> [Given data]
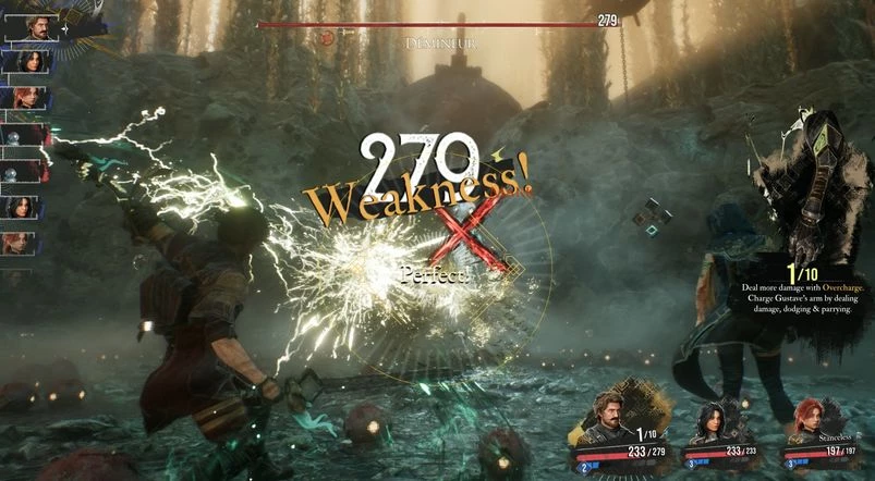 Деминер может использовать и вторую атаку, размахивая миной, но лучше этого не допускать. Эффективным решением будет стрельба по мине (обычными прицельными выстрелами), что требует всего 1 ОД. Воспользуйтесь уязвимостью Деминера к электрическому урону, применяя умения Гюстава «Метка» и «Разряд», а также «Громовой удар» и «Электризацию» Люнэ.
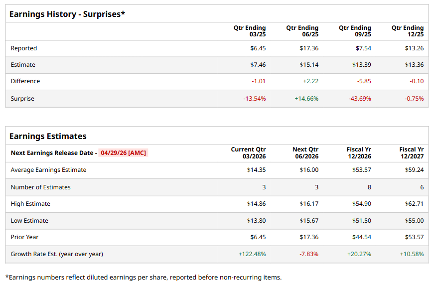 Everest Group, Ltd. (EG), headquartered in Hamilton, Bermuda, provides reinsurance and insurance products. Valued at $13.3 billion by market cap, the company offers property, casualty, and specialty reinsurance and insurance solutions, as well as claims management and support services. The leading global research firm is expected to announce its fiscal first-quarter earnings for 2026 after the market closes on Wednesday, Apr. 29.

==

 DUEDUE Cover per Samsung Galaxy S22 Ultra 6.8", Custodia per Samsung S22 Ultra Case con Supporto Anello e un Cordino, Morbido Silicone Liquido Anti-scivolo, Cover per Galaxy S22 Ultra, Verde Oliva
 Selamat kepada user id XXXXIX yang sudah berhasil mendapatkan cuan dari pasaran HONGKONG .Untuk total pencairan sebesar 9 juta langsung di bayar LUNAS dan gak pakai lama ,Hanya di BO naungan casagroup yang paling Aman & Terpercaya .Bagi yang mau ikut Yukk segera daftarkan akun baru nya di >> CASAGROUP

> [Problem requirements] Give again the lines of the listing above that run from the one with "Деминер может использовать" up to and including the one with "Everest Group, Ltd.". Keep them exact and omit the pictures.

> [Answer to this exercise]
 Деминер может использовать и вторую атаку, размахивая миной, но лучше этого не допускать. Эффективным решением будет стрельба по мине (обычными прицельными выстрелами), что требует всего 1 ОД. Воспользуйтесь уязвимостью Деминера к электрическому урону, применяя умения Гюстава «Метка» и «Разряд», а также «Громовой удар» и «Электризацию» Люнэ.
 Everest Group, Ltd. (EG), headquartered in Hamilton, Bermuda, provides reinsurance and insurance products. Valued at $13.3 billion by market cap, the company offers property, casualty, and specialty reinsurance and insurance solutions, as well as claims management and support services. The leading global research firm is expected to announce its fiscal first-quarter earnings for 2026 after the market closes on Wednesday, Apr. 29.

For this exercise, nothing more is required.